Some of the side effects of chlorine that people worry about might be true. Although extensive research indicates that the chlorine dosed water provided in our towns and cities is safe, chlorine reacts with all sorts of substances dissolved in water and some of these reactions can produce by-products which may be harmful in the long-term. Does this mean we should be clamouring for change, that we could be potentially drinking harmful substances while the government does nothing?
There are things scientists and engineers are almost certain are harmful to the human population: obesity, climate change, sedentary lifestyles, over consumption and overpopulation. These are the elephants in the room which few people worry about on a day-to-day basis, but for which there is a large body of conclusive evidence pointing at disaster.

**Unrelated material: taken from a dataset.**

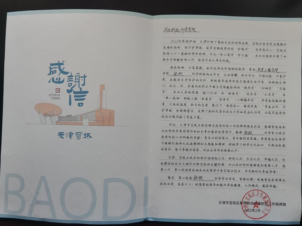近日,best365手机版官方网站19机制张帆同学因在属地积极投身疫情防控志愿者队伍,天津市宝坻区疫情防控指挥部特发来感谢信。
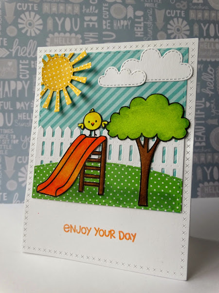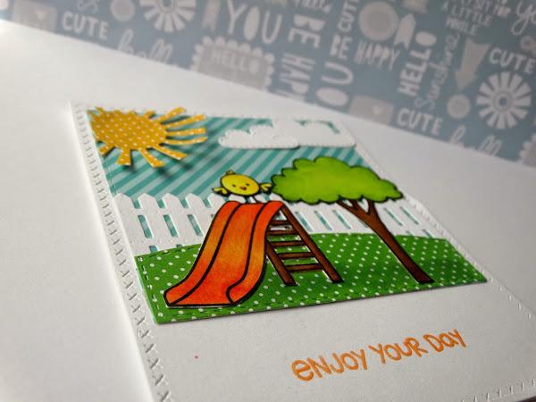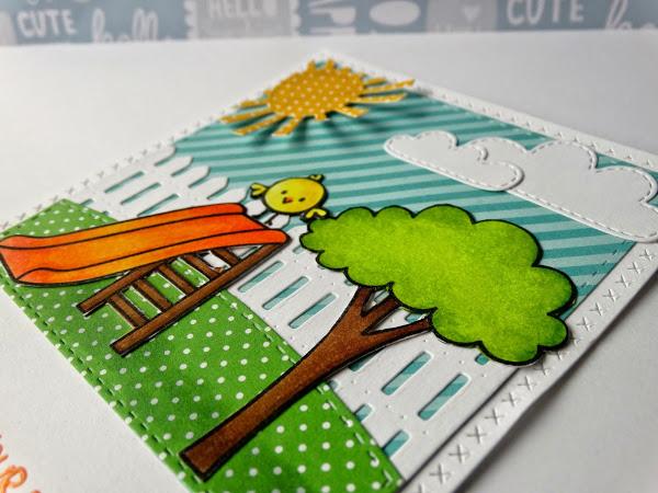 Para crear la escena usé el set de sellos "Let"s play" de Lawn Fawn, que pinté con Spectrum Noir y luego recorté a mano.

It’s important that research in other fields, such as the potential impact of chlorine by-products, continues. There are critical things the scientific community already understands to be affecting human health, however, which can and should be addressed now. The by-products of chlorine have the potential to be impacting human health but chlorine also means that Australians can enjoy a life expectancy of 80 years rather than the 160 infants dying per 1000 born in England in the mid 1800s, and in Nigeria today.
Personally, I love the taste of chlorine. The taste of chlorine reminds me that I can live in a populated environment; plan my week without worrying about the worst effects of typhoid or some other hideous and dangerous waterborne illness.